Dataset extract -
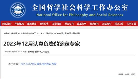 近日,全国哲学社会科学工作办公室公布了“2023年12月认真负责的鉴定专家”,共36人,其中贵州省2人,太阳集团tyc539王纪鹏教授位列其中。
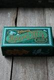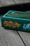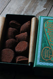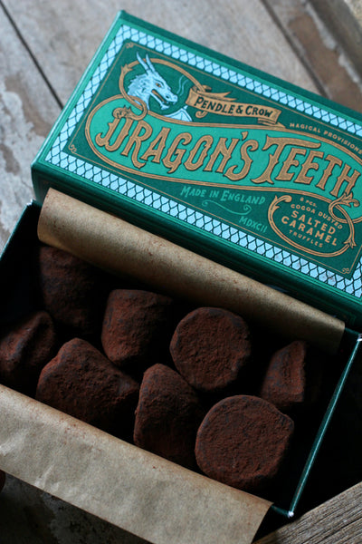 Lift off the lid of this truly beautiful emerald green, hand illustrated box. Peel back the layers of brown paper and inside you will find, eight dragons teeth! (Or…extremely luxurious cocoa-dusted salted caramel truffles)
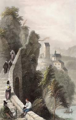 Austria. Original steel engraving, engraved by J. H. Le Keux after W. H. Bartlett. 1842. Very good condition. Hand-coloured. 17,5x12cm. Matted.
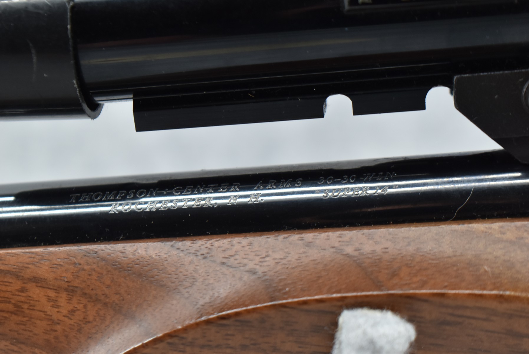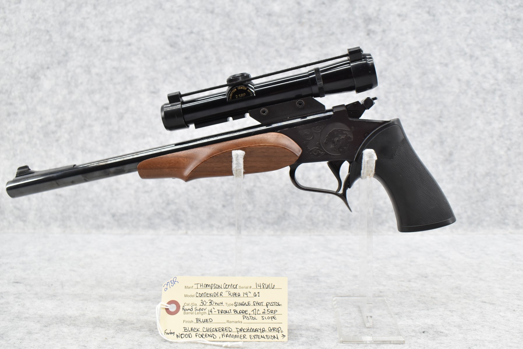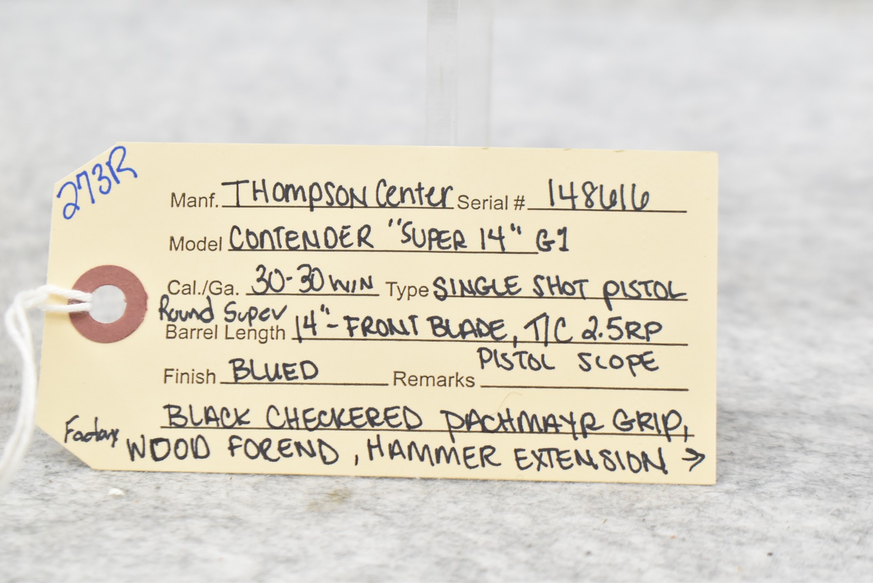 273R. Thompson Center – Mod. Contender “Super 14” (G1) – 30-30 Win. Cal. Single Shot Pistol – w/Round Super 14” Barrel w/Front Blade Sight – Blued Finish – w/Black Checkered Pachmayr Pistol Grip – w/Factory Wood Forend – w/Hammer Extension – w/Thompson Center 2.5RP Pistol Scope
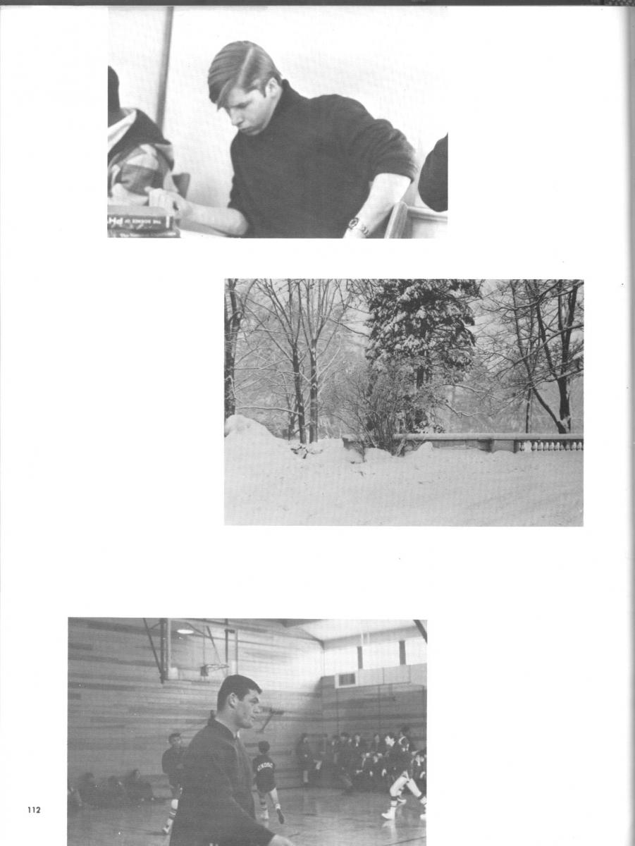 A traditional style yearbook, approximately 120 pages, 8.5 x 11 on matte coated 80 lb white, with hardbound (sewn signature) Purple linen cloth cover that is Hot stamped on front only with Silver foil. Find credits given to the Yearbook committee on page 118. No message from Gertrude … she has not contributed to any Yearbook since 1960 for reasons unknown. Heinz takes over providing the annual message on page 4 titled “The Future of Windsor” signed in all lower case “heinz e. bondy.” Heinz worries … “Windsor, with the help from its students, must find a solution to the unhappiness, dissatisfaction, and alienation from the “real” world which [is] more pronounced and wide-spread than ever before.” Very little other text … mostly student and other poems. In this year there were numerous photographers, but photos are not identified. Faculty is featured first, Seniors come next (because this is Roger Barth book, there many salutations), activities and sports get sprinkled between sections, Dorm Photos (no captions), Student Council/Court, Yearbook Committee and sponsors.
==
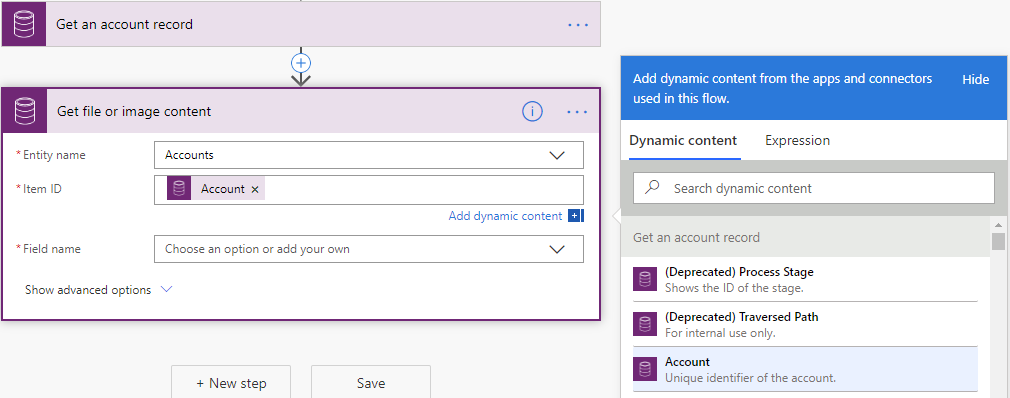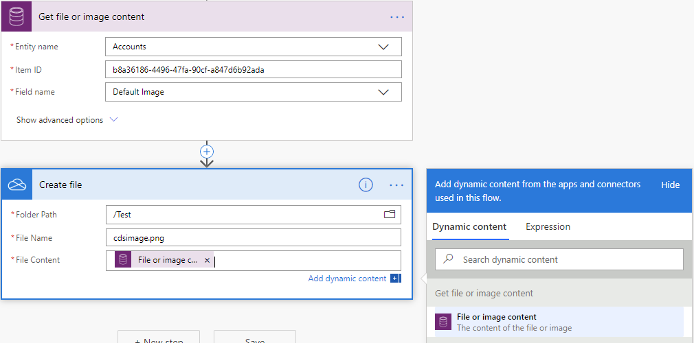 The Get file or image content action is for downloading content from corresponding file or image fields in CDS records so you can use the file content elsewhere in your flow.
---
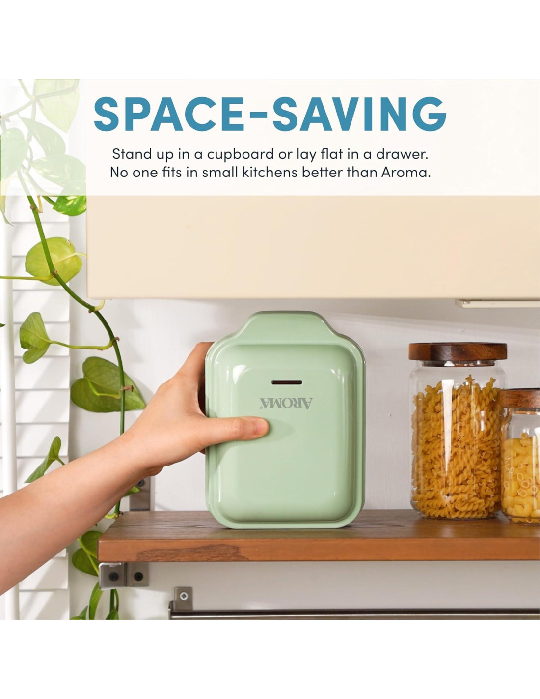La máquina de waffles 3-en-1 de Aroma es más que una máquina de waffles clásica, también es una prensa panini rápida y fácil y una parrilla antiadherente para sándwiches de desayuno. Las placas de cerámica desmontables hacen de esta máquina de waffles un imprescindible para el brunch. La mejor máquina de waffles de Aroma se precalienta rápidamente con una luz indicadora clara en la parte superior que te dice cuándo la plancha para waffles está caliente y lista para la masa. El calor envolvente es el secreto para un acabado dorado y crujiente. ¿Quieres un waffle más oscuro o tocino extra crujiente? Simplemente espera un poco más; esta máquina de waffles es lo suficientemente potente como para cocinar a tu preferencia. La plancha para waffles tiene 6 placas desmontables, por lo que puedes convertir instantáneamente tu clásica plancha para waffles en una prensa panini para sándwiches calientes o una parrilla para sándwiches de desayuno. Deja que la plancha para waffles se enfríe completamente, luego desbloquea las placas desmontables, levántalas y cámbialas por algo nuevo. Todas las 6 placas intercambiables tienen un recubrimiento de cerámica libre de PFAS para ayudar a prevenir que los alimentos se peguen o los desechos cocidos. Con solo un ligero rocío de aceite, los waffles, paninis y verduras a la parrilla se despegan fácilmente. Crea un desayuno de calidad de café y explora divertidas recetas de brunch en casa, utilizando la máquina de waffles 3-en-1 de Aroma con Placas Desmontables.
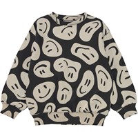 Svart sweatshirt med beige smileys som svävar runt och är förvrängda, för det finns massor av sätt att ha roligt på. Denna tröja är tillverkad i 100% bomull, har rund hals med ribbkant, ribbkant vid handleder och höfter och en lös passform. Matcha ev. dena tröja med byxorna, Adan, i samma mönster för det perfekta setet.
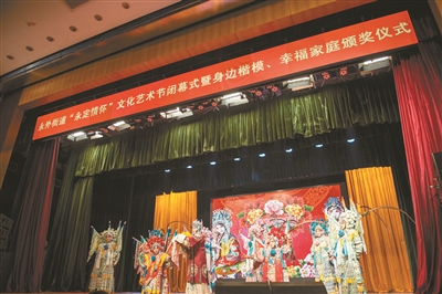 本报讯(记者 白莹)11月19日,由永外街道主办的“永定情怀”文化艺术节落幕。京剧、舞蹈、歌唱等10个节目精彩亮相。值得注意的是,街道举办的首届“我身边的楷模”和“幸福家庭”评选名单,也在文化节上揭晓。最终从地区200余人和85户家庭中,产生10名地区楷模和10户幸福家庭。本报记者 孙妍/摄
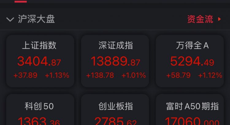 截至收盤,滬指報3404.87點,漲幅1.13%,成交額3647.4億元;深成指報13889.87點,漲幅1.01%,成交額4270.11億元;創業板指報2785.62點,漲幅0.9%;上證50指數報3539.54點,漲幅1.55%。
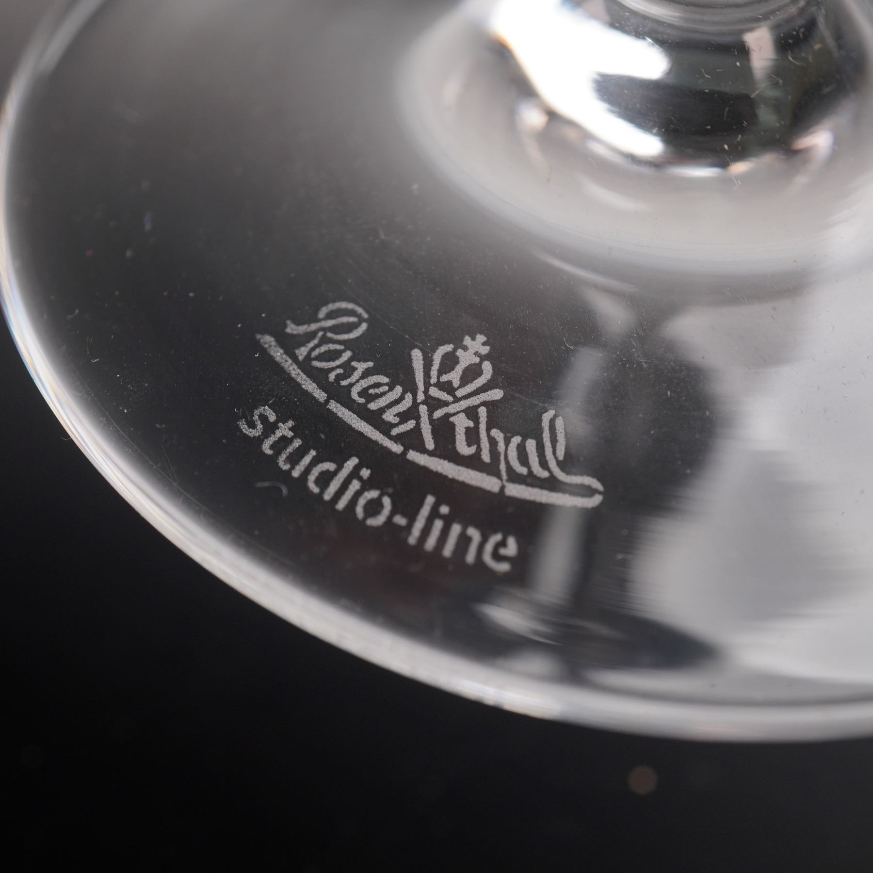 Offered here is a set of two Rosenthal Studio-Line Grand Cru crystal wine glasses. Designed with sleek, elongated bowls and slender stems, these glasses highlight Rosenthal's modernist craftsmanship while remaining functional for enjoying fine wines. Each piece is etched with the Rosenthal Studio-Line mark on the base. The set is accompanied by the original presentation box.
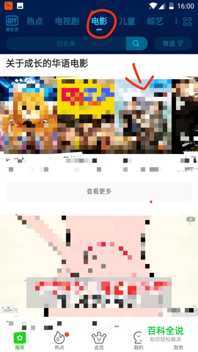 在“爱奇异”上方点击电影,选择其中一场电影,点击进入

Activity -
Reproduce exactly, with no pictures, the lines above from the one holding "近日,全国哲学社会科学工作办" to the one holding "Lift off the", inclusive.

Exercise output -
 近日,全国哲学社会科学工作办公室公布了“2023年12月认真负责的鉴定专家”,共36人,其中贵州省2人,太阳集团tyc539王纪鹏教授位列其中。
 Lift off the lid of this truly beautiful emerald green, hand illustrated box. Peel back the layers of brown paper and inside you will find, eight dragons teeth! (Or…extremely luxurious cocoa-dusted salted caramel truffles)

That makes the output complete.